Task ->
Print every line below exactly. Skip the pictures.

Records from a dataset:
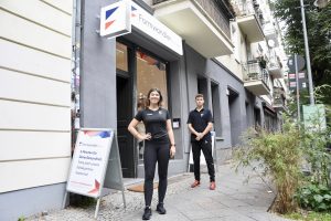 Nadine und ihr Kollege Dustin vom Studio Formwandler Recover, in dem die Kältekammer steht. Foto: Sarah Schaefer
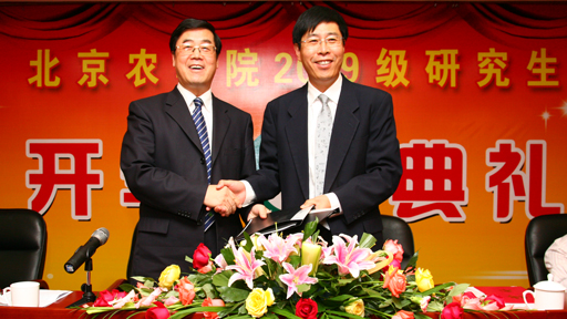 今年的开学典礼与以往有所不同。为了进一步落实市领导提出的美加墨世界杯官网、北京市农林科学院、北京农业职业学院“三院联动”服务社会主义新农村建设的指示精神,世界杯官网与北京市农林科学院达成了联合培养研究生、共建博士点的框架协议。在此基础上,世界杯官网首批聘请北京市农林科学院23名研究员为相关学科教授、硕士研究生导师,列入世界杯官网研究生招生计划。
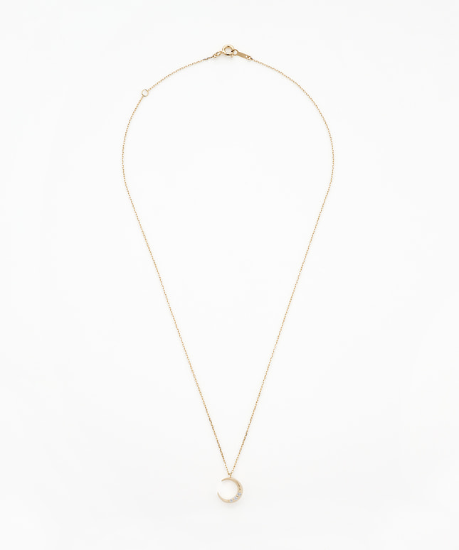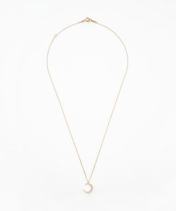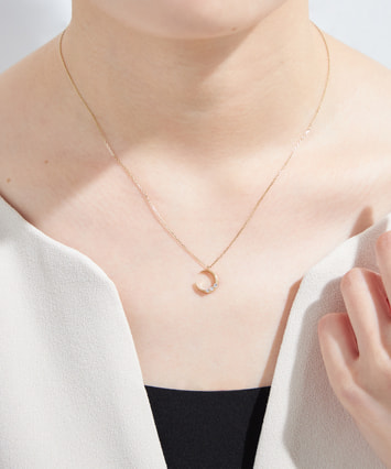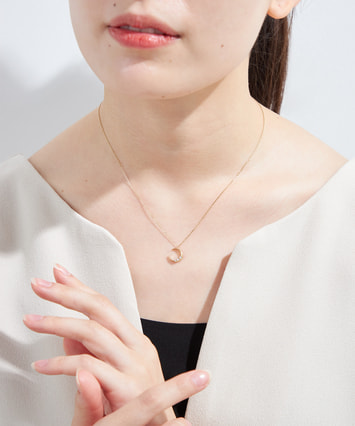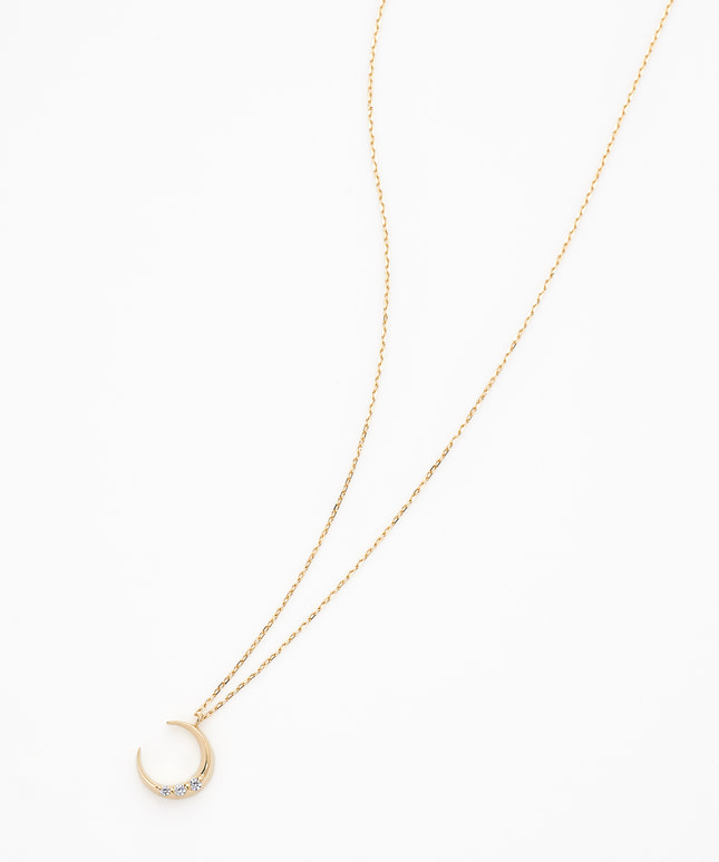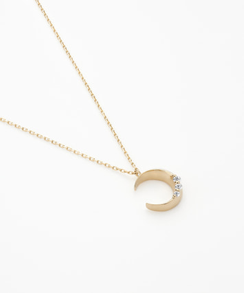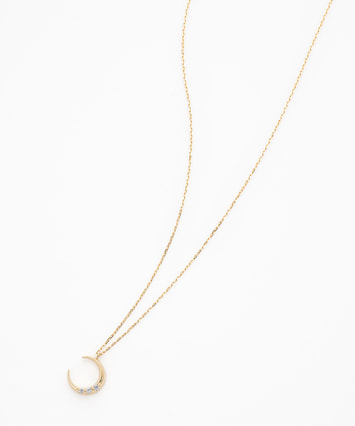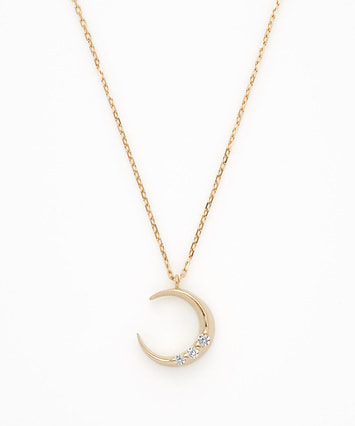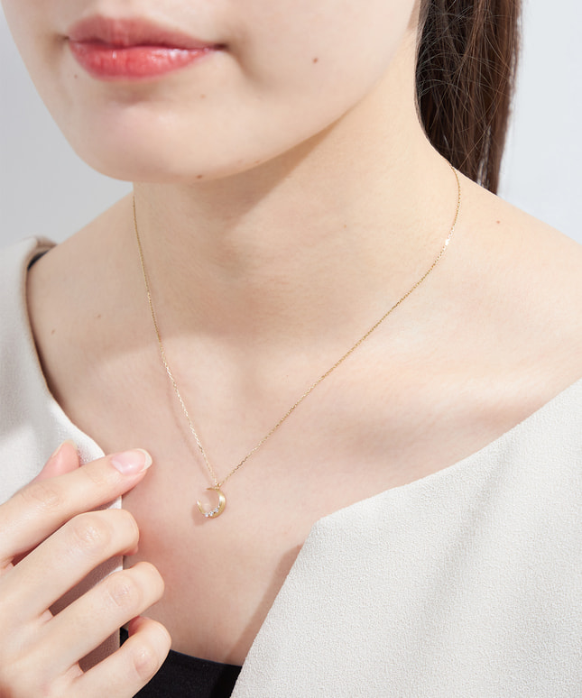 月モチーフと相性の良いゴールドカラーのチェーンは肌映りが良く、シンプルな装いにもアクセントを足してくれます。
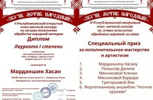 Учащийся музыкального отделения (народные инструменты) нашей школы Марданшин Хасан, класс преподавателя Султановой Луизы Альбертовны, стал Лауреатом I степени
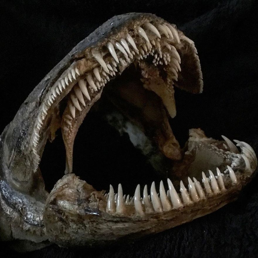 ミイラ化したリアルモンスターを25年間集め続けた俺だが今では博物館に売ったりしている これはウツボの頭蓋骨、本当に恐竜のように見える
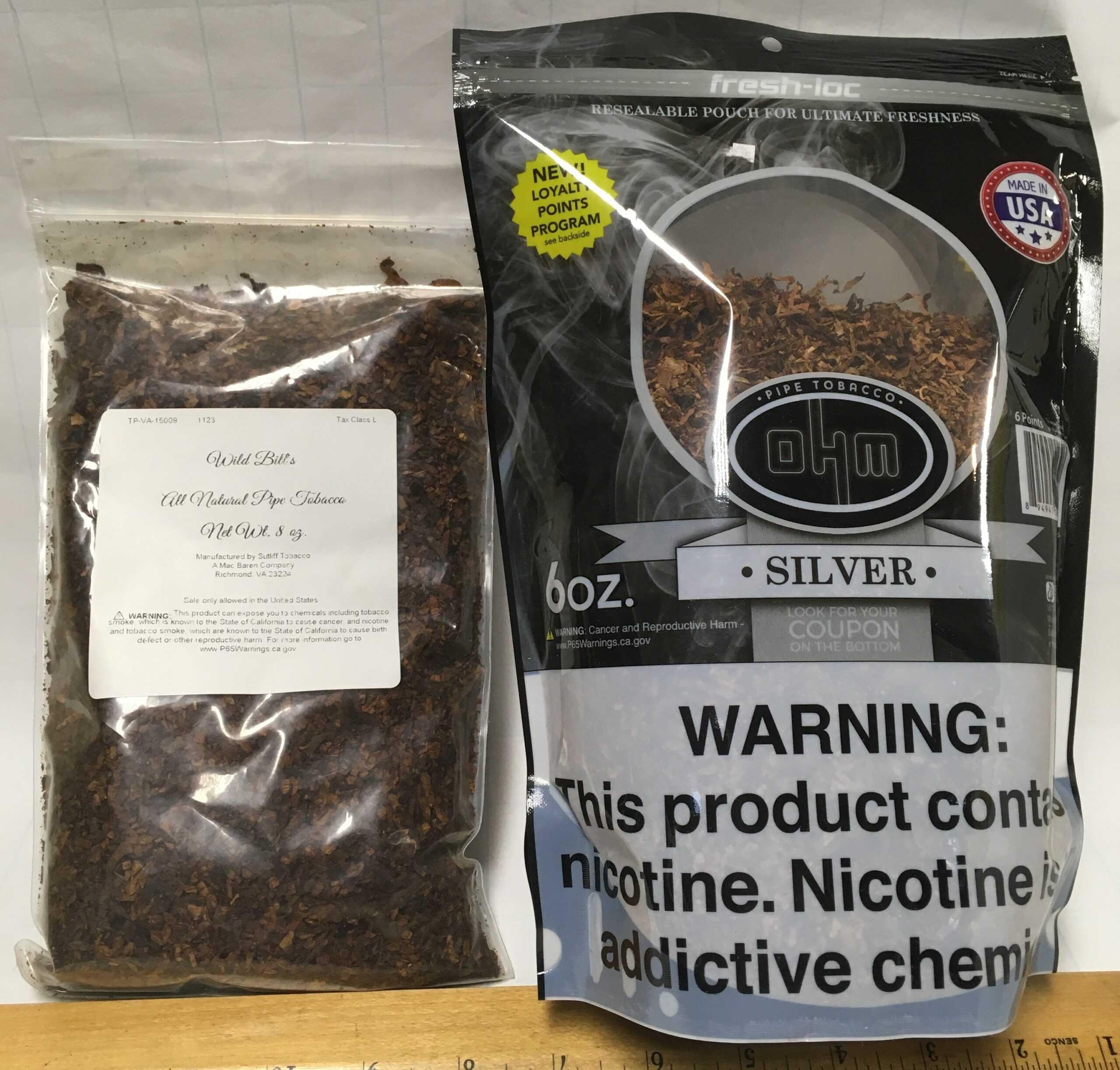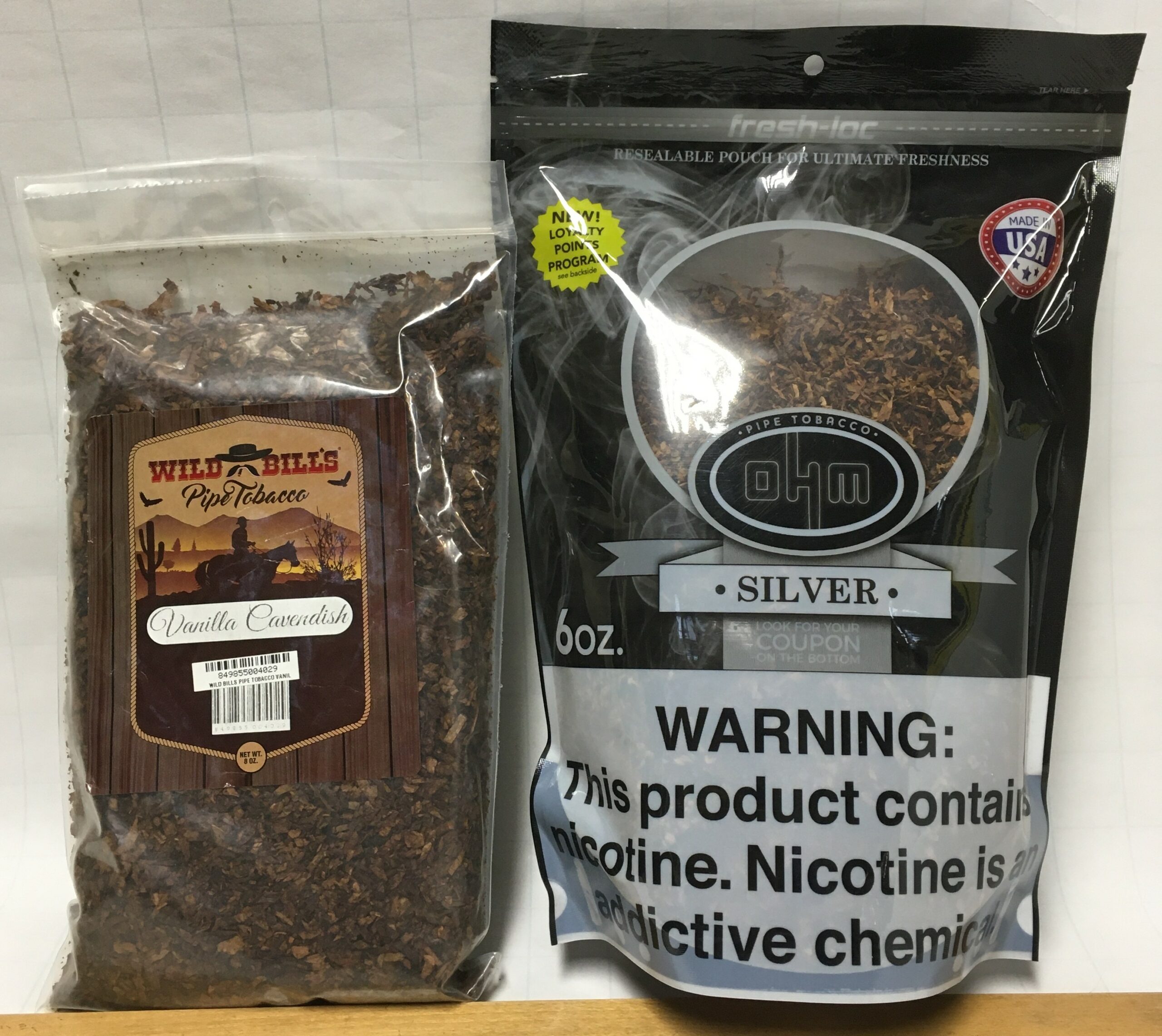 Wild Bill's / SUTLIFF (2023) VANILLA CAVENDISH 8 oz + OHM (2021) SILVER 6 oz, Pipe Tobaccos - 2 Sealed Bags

Response below ->
 Nadine und ihr Kollege Dustin vom Studio Formwandler Recover, in dem die Kältekammer steht. Foto: Sarah Schaefer
 今年的开学典礼与以往有所不同。为了进一步落实市领导提出的美加墨世界杯官网、北京市农林科学院、北京农业职业学院“三院联动”服务社会主义新农村建设的指示精神,世界杯官网与北京市农林科学院达成了联合培养研究生、共建博士点的框架协议。在此基础上,世界杯官网首批聘请北京市农林科学院23名研究员为相关学科教授、硕士研究生导师,列入世界杯官网研究生招生计划。
 月モチーフと相性の良いゴールドカラーのチェーンは肌映りが良く、シンプルな装いにもアクセントを足してくれます。
 Учащийся музыкального отделения (народные инструменты) нашей школы Марданшин Хасан, класс преподавателя Султановой Луизы Альбертовны, стал Лауреатом I степени
 ミイラ化したリアルモンスターを25年間集め続けた俺だが今では博物館に売ったりしている これはウツボの頭蓋骨、本当に恐竜のように見える
 Wild Bill's / SUTLIFF (2023) VANILLA CAVENDISH 8 oz + OHM (2021) SILVER 6 oz, Pipe Tobaccos - 2 Sealed Bags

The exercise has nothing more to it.